Work order - Reproduce the data exactly and drop any pictures it holds.

Information provided -
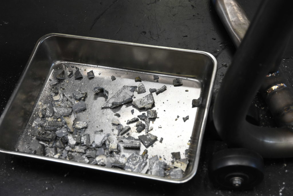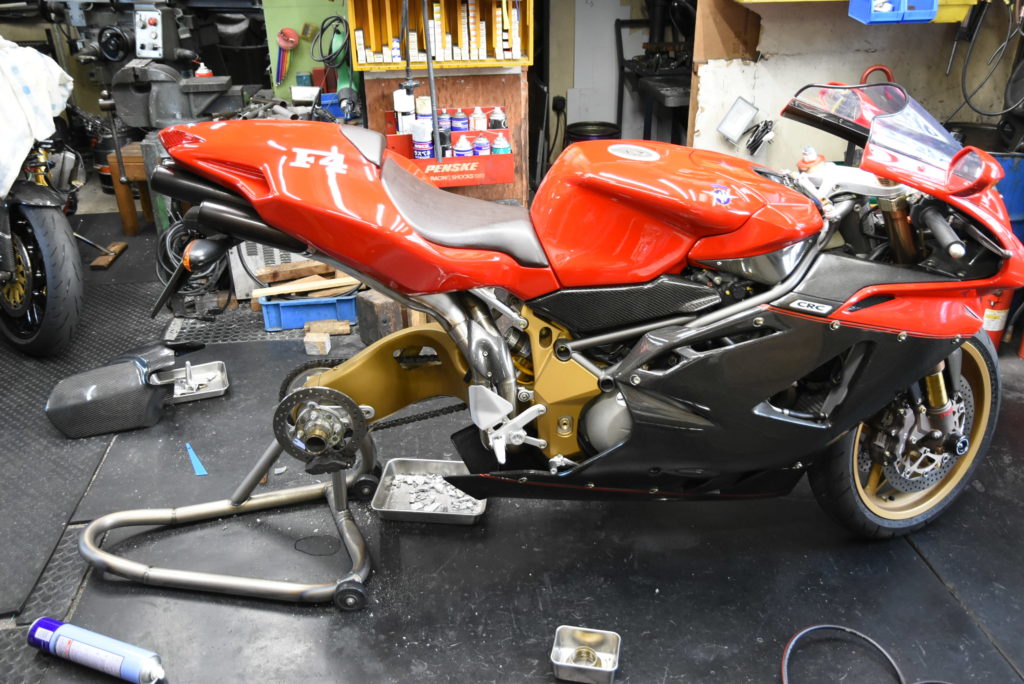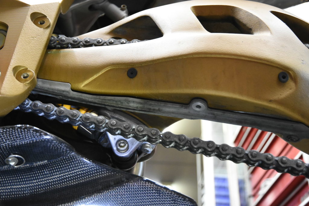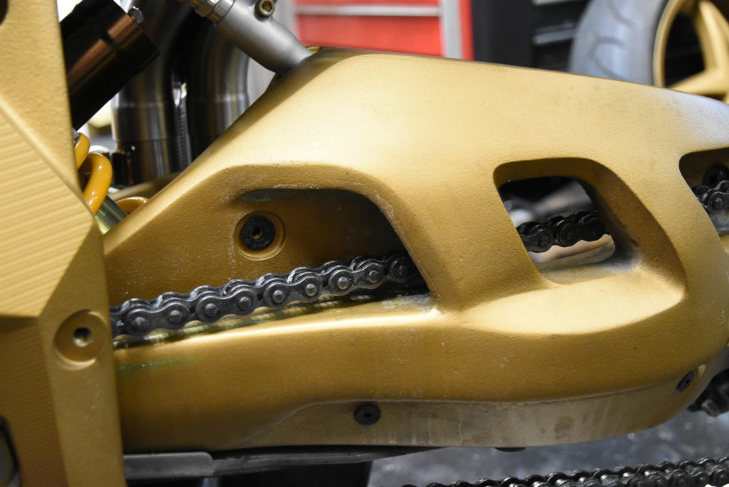 MV AGUSTA F4 serie oro メンテナンス 明日 岐阜県から来客があるのでお昼過ぎまで片付けをして疲れました!F4チェーンスライダーは廃盤なのでワンオフで製作することにしました!外して寸法取りをしようと思いましたが・・ボロボロ崩れて粉々になりました。張り付いた欠片をプラスチックのへらで取り除き作業に時間が掛かりました!Lの形状の40cmアングルを作ればよいのですが丁度の材料ないので60~70mmの丸棒から削り出し?? 大変そう!!
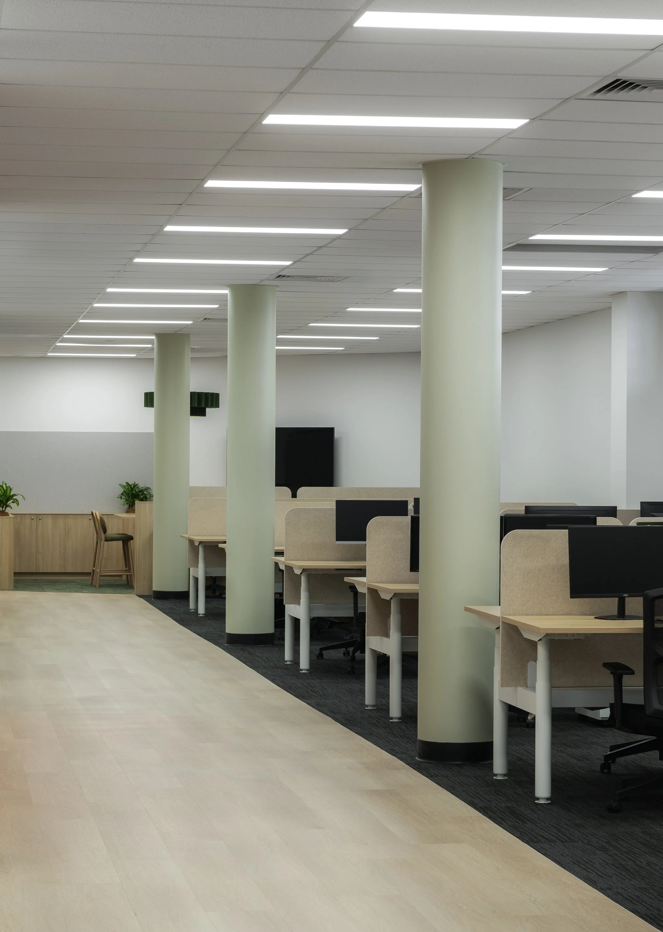 Soft tonal layering and subtle colour accents distinguish collaborative zones from focused work areas, while maintaining a seamless visual rhythm throughout. Breakout spaces become social hubs, balancing openness with comfort, while workstation pods and support areas foster productivity and ease.
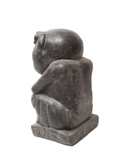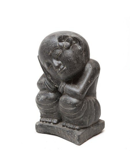 Diese von Hand geschliffene Statue aus rekonstruiertem Stein verleiht Ihrem Garten in Ihrer einzigartigen Ausführung eine ruhige Zen-Atmosphäre. Der buddhistische Mönch sitzt im Schneidersitz, hat eine Schüssel in der linken Hand und die rechte Hand an die Wange gelegt. Die Darstellung verkörpert ausgesprochene Gelassenheit und erfüllt Ihr Zuhause mit eben dieser Aura.
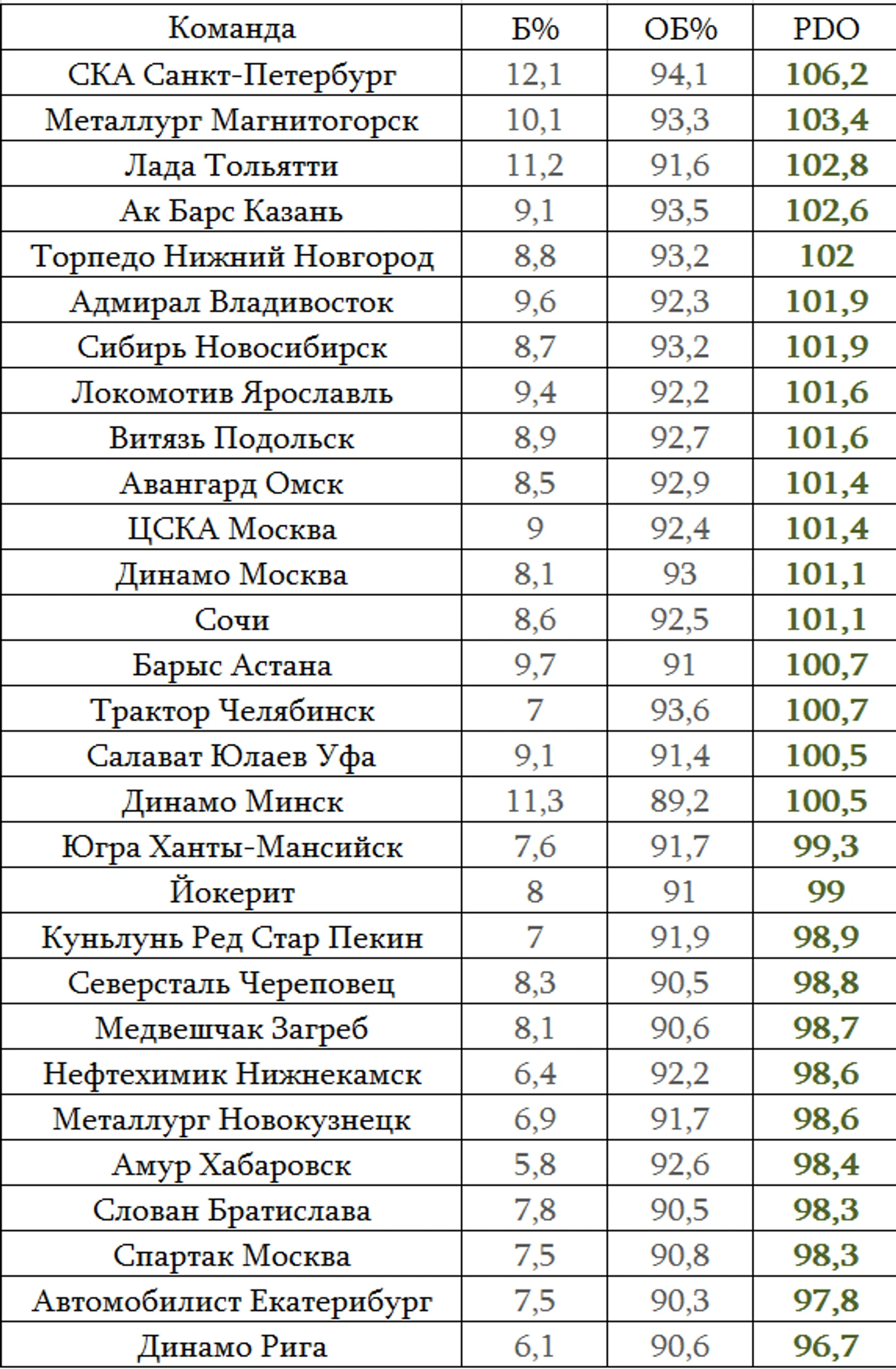 Таблица 4: Показатель PDO (реализация бросков в створ + процент сэйвов вратаря)

Answer to this exercise -
 MV AGUSTA F4 serie oro メンテナンス 明日 岐阜県から来客があるのでお昼過ぎまで片付けをして疲れました!F4チェーンスライダーは廃盤なのでワンオフで製作することにしました!外して寸法取りをしようと思いましたが・・ボロボロ崩れて粉々になりました。張り付いた欠片をプラスチックのへらで取り除き作業に時間が掛かりました!Lの形状の40cmアングルを作ればよいのですが丁度の材料ないので60~70mmの丸棒から削り出し?? 大変そう!!
 Soft tonal layering and subtle colour accents distinguish collaborative zones from focused work areas, while maintaining a seamless visual rhythm throughout. Breakout spaces become social hubs, balancing openness with comfort, while workstation pods and support areas foster productivity and ease.
 Diese von Hand geschliffene Statue aus rekonstruiertem Stein verleiht Ihrem Garten in Ihrer einzigartigen Ausführung eine ruhige Zen-Atmosphäre. Der buddhistische Mönch sitzt im Schneidersitz, hat eine Schüssel in der linken Hand und die rechte Hand an die Wange gelegt. Die Darstellung verkörpert ausgesprochene Gelassenheit und erfüllt Ihr Zuhause mit eben dieser Aura.
 Таблица 4: Показатель PDO (реализация бросков в створ + процент сэйвов вратаря)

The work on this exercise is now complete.